Spark Executor内幕彻底解密(DT大数据梦工厂)
Posted
tags:
篇首语:本文由小常识网(cha138.com)小编为大家整理,主要介绍了Spark Executor内幕彻底解密(DT大数据梦工厂)相关的知识,希望对你有一定的参考价值。
内容:
1、Spark Executor工作原理图;
2、ExecutorBackend注册源码解密;
3、Executor实例化内幕;
4、Executor具体是如何工作的?
1、Master发指令给Worker启动Executor;
2、Worker接受到Master发送来的指令,通过ExecutorRunner启动另外一个进程来运行Executor;
3、此时会启动粗粒度的ExecutorBackend(CoarseGrainedExecutorBackend);
4、CoarseGrainedExecutorBackend通过发送RegisterExecutor向Driver注册;
5、Driver在Executor注册成功之后会返回RegisterExecutor信息给CoarseGrainedExecutorBackend;
==========Spark Executor工作原理图 ============
1、需要特别注意的是在CoarseGrainedExecutorBackend启动时,向Driver注册Executor其实质是注册ExecutorBackend实例,和Executor实例之间没有直接的关系;
override def onStart() {
logInfo("Connecting to driver: " + driverUrl)

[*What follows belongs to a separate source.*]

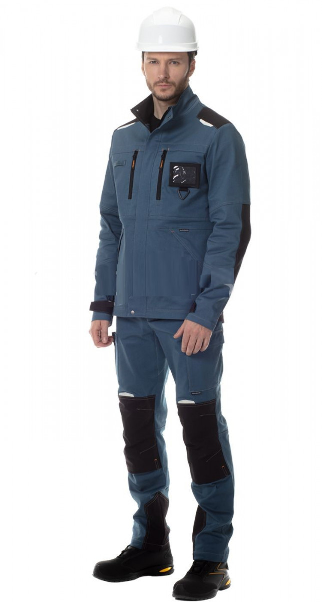 Брюки анатомической формы с застежкой на гульфик с молнией и джинсовую пуговицу на поясе. Пояс со шлевками для ремня, одна из них с пластикой рамкой для крепления карабина или ретрактора. Регулировка объема по талии за счет боковых вставок.

rpcEnv.asyncSetupEndpointRefByURI(driverUrl).flatMap { ref =>
// This is a very fast action so we can use "ThreadUtils.sameThread"
driver = Some(ref)
ref.ask[RegisterExecutorResponse](
RegisterExecutor(executorId, self, hostPort, cores, extractLogUrls))
}(ThreadUtils.sameThread).onComplete {
// This is a very fast action so we can use "ThreadUtils.sameThread"
case Success(msg) => Utils.tryLogNonFatalError {
Option(self).foreach(_.send(msg)) // msg must be RegisterExecutorResponse
}
case Failure(e) => {
logError(s"Cannot register with driver: $driverUrl", e)
System.exit(1)
}
}(ThreadUtils.sameThread)
}
2、CoarseGrainedExecutorBackend是Executor运行所在的进程名称,Executor才是真正处理Task对象所在,Executor内部是通过线程池的方式来完成Task的计算的;
3、CoarseGrainedExecutorBackend和Executor是一一对应的;
4、CoarseGrainedExecutorBackend是一个消息通信体(其实现了ThreadSafeRPCEndpoint),可以发消息给Driver并可以接受Driver中发过来的指令,例如启动Task等;
5、在Driver进程中,有两个至关重要的EndPoint:
1)ClientEndpoint:主要负责向Master注册当前的程序,是AppClient的内部成员;
2)DriverEndpoint:这是整个程序运行时候的驱动器,是CoarseGrainedExecutorBackend的内部成员,这里会接收到RegisterExecutor 信息并完成在Driver中的注册;
6、在Driver中通过ExecutorData封装并注册ExecutorBackend信息到Driver内存数据结构executorMapData(CoarseGrainedSchedulerBackend的成员)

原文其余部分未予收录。